After months of research and discussion, the group landed on illustrating racial bias in tech through a case study of PredPol, a predictive policing company that utilizes an algorithm to predict crime.

“One of the things we’re trying to get the students to think about is, does technology have values? And if so, whose values and why?’” Joseph said.

Student research assistants were involved in every stage of the process, from research to building curriculum.

“In helping form this course, I wanted to ensure that CSE students understood past and present injustices to prevent and combat future inequities, helping to build a more just society,” said Alexis Harrell, an undergraduate research assistant and past president of the Society and Computing Club, an interdisciplinary student club dedicated to examining the implications of computing on society at large.

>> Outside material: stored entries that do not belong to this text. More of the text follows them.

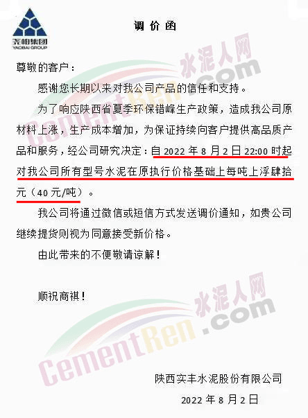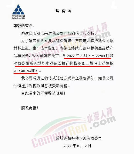堯柏集團旗下西安藍田堯柏水泥有限公司、陜西實豐水泥股份有限公司、蒲城堯柏特種水泥有限公司等多家公司通知,因原材料價格上漲,錯峰生產(chǎn)時間長,導致公司生產(chǎn)成本增加,經(jīng)公司研究決定,自8月2日22時起對公司所有型號水泥在原執(zhí)行價格基礎(chǔ)上上調(diào)40元/噸。公司將通過微信或短信方式發(fā)送調(diào)價通知,如客戶繼續(xù)提貨則視為同意接受新價格。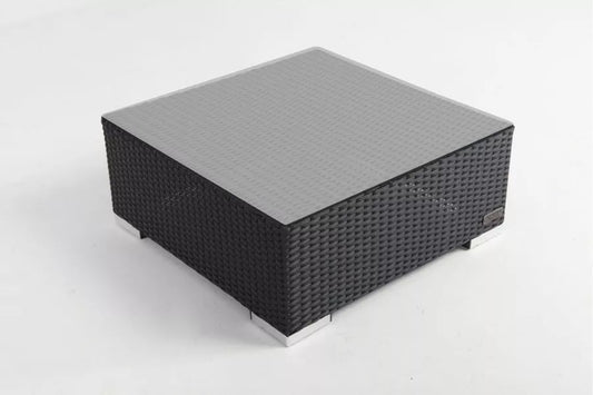 OUTFLEXX Beistelltisch/Hocker, schwarz, Polyrattan, inkl. Glasplatte und Polster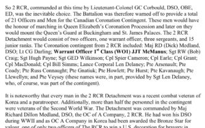 The constant on his many make-believe uniforms is the Queen’s Coronation Medal. That particular medal was presented to just 15 junior ranks of the 2nd Bn of The RCR, all combat veterans/paratroopers who were members the Canadian Contingent in London, England during the 1953 ceremony. Not surprisingly, Mr Kelly’s name is not on that list…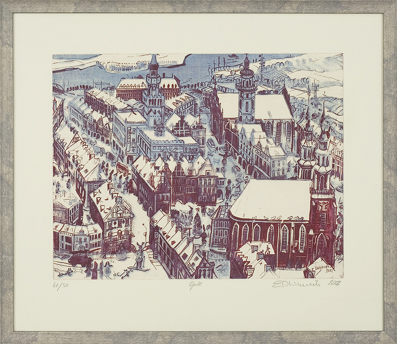 Edward Dwurnik (Radzymin 19 IV 1943 - Warszawa 28 X 2018) studiował malarstwo w ASP w Warszawie (1963-1970), jednak jako swego „mistrza“ wymienia Nikifora. Jego to prace, zobaczone po raz pierwszy w 1965, zainspirowały ówczesnego studenta III roku do narysowania pierwszych prac z cyklu „Podróże autostopem“, które kontynuował w nastepnych latach. W 1972-1978 powstawał cykl „Sportowcy“, w którym portretowane były, dodajmy - kąśliwie, typowe postaci z lat 70. Równolegle od 1975 powstawał cykl „Robotnicy“, który kulminował w okresie „Solidarności“ 1980-1981. Za prace z tego cyklu Dwurnik otrzymał w 1981 Nagrodę Krytyki Artystycznej im. Cypriana Kamila Norwida, natomiast za obrazy z cyklu „Warszawa“ (1981), proroczo zapowiadające stan wojenny - Nagrodę Kulturalną „Solidarności“ podziemnej w 1983. W latach 80. malarstwo Dwurnika przybrało wyraz ekspresyjny i dramatyczny. Powstające w tej dekadzie obrazy miały niejednokrotnie wymowę polityczną, przybierały też kostium historyczny, tak czy inaczej odnoszący się do współczesnych spraw i realiów. Cykl „Droga na Wschód“ (1989-91) upamiętniał ofiary stalinizmu, natomiast cykl „Od Grudnia do Czerwca“ (1990-94) - ofiary stanu wojennego. Zarówno ideowe, jak i czysto malarskie walory tych prac przyniosły artyście ogromne uznanie, zarówno w kraju jak i za granicą. Jego wyrazem była prestiżowa nagroda Fundacji Coutts & Co w Zurychu (1992). W latach 90. powstają cykle będące kontynuacją „Podróży autostopem“: „Niebieskie miasta“ (od 1993) i „Diagonale“ (od 1996), jak również kompozycje nowego typu, jak widoki morskie (cykl „Błękitne“, 1992-93) czy cykl „Wyliczanka“ (1996-99). Artysta wiele wystawia, miał ok. 100 wystaw indywidualnych w Polsce i za granicą, brał też udział w licznych wystawach i festiwalach krajowych i międzynarodowych, m.in.: X Biennale Sztuki Współczesnej, Menton 1974, Documenta 7, Kassel 1982, 5th Biennale, Sydney 1985, XIX Biennale Sztuki, Sao Paulo 1987; Olimpiada Sztuki, Seul 1988. Równolegle z malarstwem uprawiał rysunek, collage, grafikę warsztatową (litografia, techniki metalowe, kserografia, stemple) i użytkową (ilustracja, plakaty do własnych wystaw indywidualnych).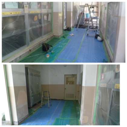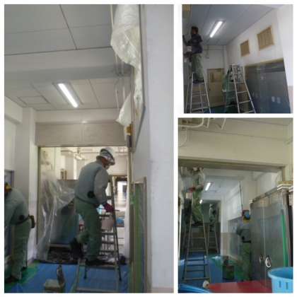 調理室が終わって、給食室の児童だまりの壁もきれいにしてくれています。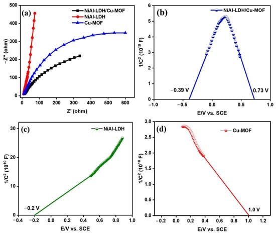 (a) The EIS curves of NiAl-LDH/Cu-MOF, NiAl-LDH, and Cu-MOF and (b–d) Mott–Schottky plots of NiAl-LDH/Cu-MOF, NiAl-LDH, and Cu-MOF.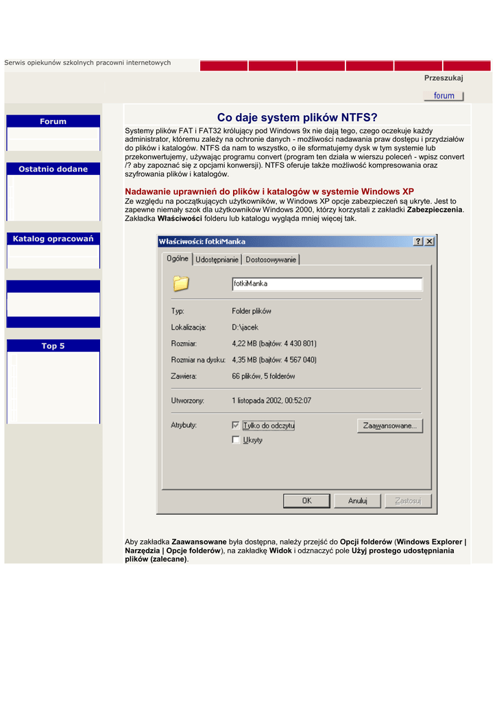 /? aby zapoznać się z opcjami konwersji). NTFS oferuje także możliwość kompresowania oraz

A brighter future for computing

“There’s this romantic narrative that we can solve everything with tech when in reality, this isn’t true,” said Rudra. “It might seem hopeless, but that first realization — that you cannot solve everything with tech alone — is incredibly useful and powerful because then you start asking, ‘Who else can I talk to?’ and ‘How can we make it better?’”

These questions embody values central to the Impossible Project: cross-disciplinary collaboration and working toward a better future, while understanding that the work is never done.

Muller, Rudra and Joseph see the Impossible Project: Making Computing Anti-Racist as just the beginning of their collaboration. Next spring, Rudra and Joseph, who teach an elective course called Machine Learning and Society, plan to run a semester-long Impossible Project. Their students will collaborate with students of Muller’s, who will be simultaneously taking a history course on the African diaspora called Rage Against the Machine.

“The Impossible Project is deceptive because it leads you to think that all you have to do is work harder and you will be able to make the impossible possible. But, in truth, the Impossible Project is the journey and not the endpoint. The endpoint proves to be nothing more than another door to open,” Muller said. “That is what the CSE 199 students presented at the Impossible Project finale event. They brought forth new imaginings of another possible future. Those are dreams, but they‘re also real.”